Duckett takes Northants to third final spot in four years

Duckett takes Northants to third final spot in four years

Ben Duckett’s blistering 84 saw Northants beat Nottinghamshire in the first semi-final at T20 Blast Finals Day. The Steelbacks successfully defended 161 to reach the final for the second consecutive season.

Northants had slipped to 15-3, but Duckett and Alex Wakely shared a fourth wicket stand of 123, Wakely with a half century of his own, but his side lost their way after Duckett departed, with no other batsman making double figures.

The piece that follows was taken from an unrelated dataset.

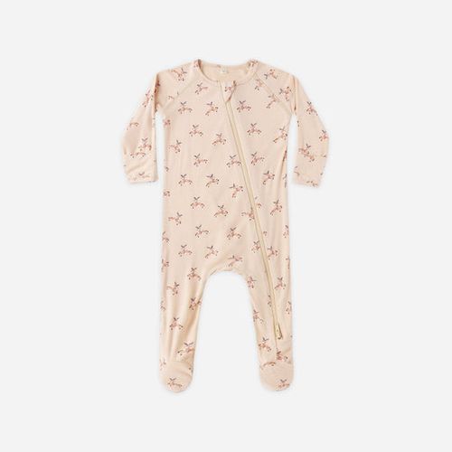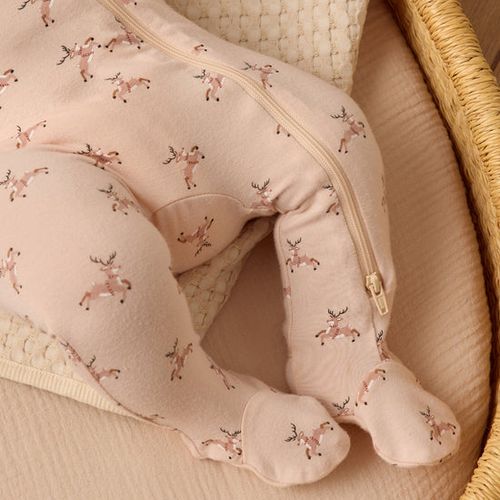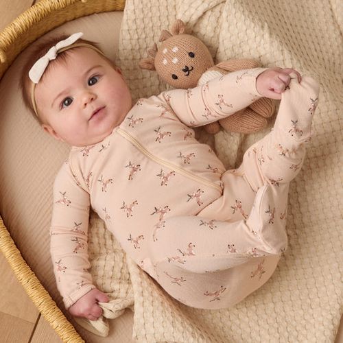 Full double-zip footie crafted from soft, stretchy bamboo fabric that's gentle on delicate skin. Fold-over hand mitts keep tiny hands warm and protected on sizes NB through 3-6M. The raised screen print on soles provides extra grip and traction for crawlers and early walkers in size 6-12M. Dressed in a cheerful reindeer print against an antique backdrop, this cozy footie brings festive charm to bedtime and playtime. The convenient double-zip design makes diaper changes and dressing a breeze, while the breathable bamboo material helps regulate temperature for all-night comfort. Perfect for the holiday season or year-round snuggles.

Notts fell into early trouble themselves, but Andre Russell, who had earlier taken 3-20, looked to be swinging the chase back in their favour. After 39 off 18 balls, however, he was brilliantly caught on the boundary. Notts could not get the 15 required from the last over despite a Chris Read cameo.

In truth, the game was all about Duckett. The 21 year old, who has enjoyed a remarkable summer, showed all of his invention and power to hit 12 fours and two sixes in his 47 ball innings, including an array of ramps, switch hits and authentic drives.

Nottinghamshire had snatched the early initiative: after Adam Rossington was run out in the opening over, Josh Cobb was strangled down the leg side off Harry Gurney and Richard Levi missed a Russell full toss to be LBW. Despite the three early wickets, Duckett ensured Northants kept finding the rope throughout, taking Stuart Broad for successive boundaries before switch-hitting Samit Patel for six.

A further switch-hit and ramp off Mullaney took him to 50 in 28 balls and the invention continued, as he took the attack to all the Notts bowlers, captain Wakely providing the perfect foil at the other end to keep the scoreboard ticking over.

The pair shared Northants’ highest ever T20 partnership for any wicket, but after Duckett ramped Jake Ball for 4, it proved one too many and Ball bowled him round his legs. From this point, Northants couldn’t build on the momentum.

Rory Kleinveldt and Steven Crook both pulled Russell to Hales on the boundary, and there was only one boundary in the last four overs after Duckett’s departure. Wakely reached his half-century in the final over before being run out attempting a bye.

A chase of 162 looked within the reach of a Notts batting line up boosting nine full internationals, but Michael Lumb skewed Crook to third man and Alex Hales was bowled second ball by Rory Kleinveldt.

When Dan Christian top edged a pull of Azharullah, the Outlaws were also 15-3 but they couldn’t recover, as Northants had, after Wessels attempted a switch hit off Graeme White and was caught in the deep.

Russell was batting on one leg, having pulled a hamstring whilst in the field, but had the game swinging back to his side’s way as he hit White for two sixes in the 10th over, before a third followed as 20 came off the next. It took a moment of brilliance on the boundary to remove Russell, as he pulled Kleinveldt for what was looking like a flat six, but Keogh leapt full length on the boundary to take a brilliant, and match turning, catch.

Samit Patel was caught and bowled by Crook, before Mullaney pulled Crook to the midwicket boundary, as Northants took charge, only for Read and Board to keep the Outlaws hopes alive into the final few overs.

They shared 34 in 20 balls as Northants became sloppy in the field, both batsman benefiting from drop catches, and when Read took Crook for two boundaries in the 18th, 21 runs were needed off 13 balls.

The final ball of the over was hit into long-on’s hands, however, with White showing a safe pair of hands when Broad top edged Sanderson, who took 2-21 from his four overs having replaced the injured Richard Gleeson. Ball and Gurney were unable to get the Outlaws home.

For Northants, written off by many and missing two major players in Gleeson and Seekkuge Prasanna it was another trump in adversity. The perennial underdogs showed their bite to reach a third final in four years. They will face either Durham or Yorkshire later tonight.